Assigning one of the control groups as a fake treated group.
Estimating the DiD model and checking whether a significant effect is detected.
Interpretation:
If a placebo effect appears (i.e., the estimated treatment effect is significant), it suggests that even among control groups, systematic differences exist over time.
However, this result is not necessarily disqualifying. Some methods, such as Synthetic Control, explicitly model such differences while maintaining credibility.

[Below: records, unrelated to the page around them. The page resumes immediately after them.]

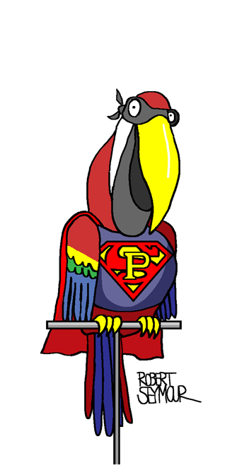 Cartoonist Robert Seymour has graced the “Parrot Nation” pages with his work. Robert has a fabulous cartoon strip called “Bird Breath.” It’s absolutely brilliant, funny, yet dead-on with its honesty and poignancy. Robert offers this amazing contribution with wonderful art and with true “Superhero” attributes! Loving Robert’s work as usual!
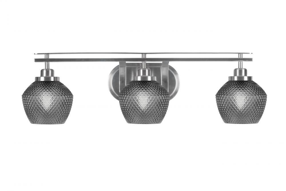 Odyssey 3 Light Bath Bar Shown In Brushed Nickel Finish With 6 Smoke Textured Glass
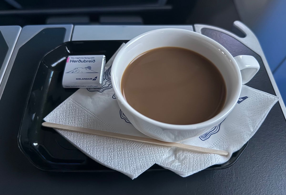 When it comes to drinks, I enjoyed the coffee, and it’s cute how they serve it on a tray, with a chocolate on the side (though the cups could be deeper — I realize this is likely about saving space in the galley in terms of stacking).
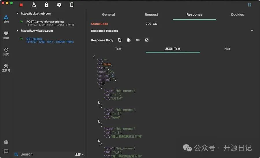 - 流量拦截与实时查看: 支持拦截 HTTP 和 HTTPS 的网络请求,包括 URL、Header、Body 等重要信息一览无余。

# Load necessary libraries
library(tidyverse)
library(fixest)
library(ggplot2)
library(causaldata)
# Load the dataset
od <- causaldata::organ_donations %>%
# Use only pre-treatment data
dplyr::filter(Quarter_Num <= 3) %>%
# Create fake (placebo) treatment variables
dplyr::mutate(
FakeTreat1 = as.integer(State == 'California' &
Quarter %in% c('Q12011', 'Q22011')),
FakeTreat2 = as.integer(State == 'California' &
Quarter == 'Q22011')
)
# Estimate the placebo effects using fixed effects regression
clfe1 <- fixest::feols(Rate ~ FakeTreat1 | State + Quarter, data = od)
clfe2 <- fixest::feols(Rate ~ FakeTreat2 | State + Quarter, data = od)
# Display the regression results
fixest::etable(clfe1, clfe2)
#> clfe1 clfe2
#> Dependent Var.: Rate Rate
#>
#> FakeTreat1 0.0061 (0.0051)
#> FakeTreat2 -0.0017 (0.0028)
#> Fixed-Effects: --------------- ----------------
#> State Yes Yes
#> Quarter Yes Yes
#> _______________ _______________ ________________
#> S.E.: Clustered by: State by: State
#> Observations 81 81
#> R2 0.99377 0.99376
#> Within R2 0.00192 0.00015
#> ---
#> Signif. codes: 0 '***' 0.001 '**' 0.01 '*' 0.05 '.' 0.1 ' ' 1
# Extract coefficients and confidence intervals
coef_df <- tibble(
Model = c("FakeTreat1", "FakeTreat2"),
Estimate = c(coef(clfe1)["FakeTreat1"], coef(clfe2)["FakeTreat2"]),
SE = c(summary(clfe1)$coeftable["FakeTreat1", "Std. Error"],
summary(clfe2)$coeftable["FakeTreat2", "Std. Error"]),
Lower = Estimate - 1.96 * SE,
Upper = Estimate + 1.96 * SE
)
# Plot the placebo effects
ggplot(coef_df, aes(x = Model, y = Estimate)) +
geom_point(size = 3, color = "blue") +
geom_errorbar(aes(ymin = Lower, ymax = Upper), width = 0.2, color = "blue") +
geom_hline(yintercept = 0, linetype = "dashed", color = "red") +
theme_minimal() +
labs(
title = "Placebo Treatment Effects",
y = "Estimated Effect on Organ Donation Rate",
x = "Placebo Treatment"
)
We would like the “supposed” DiD to be insignificant.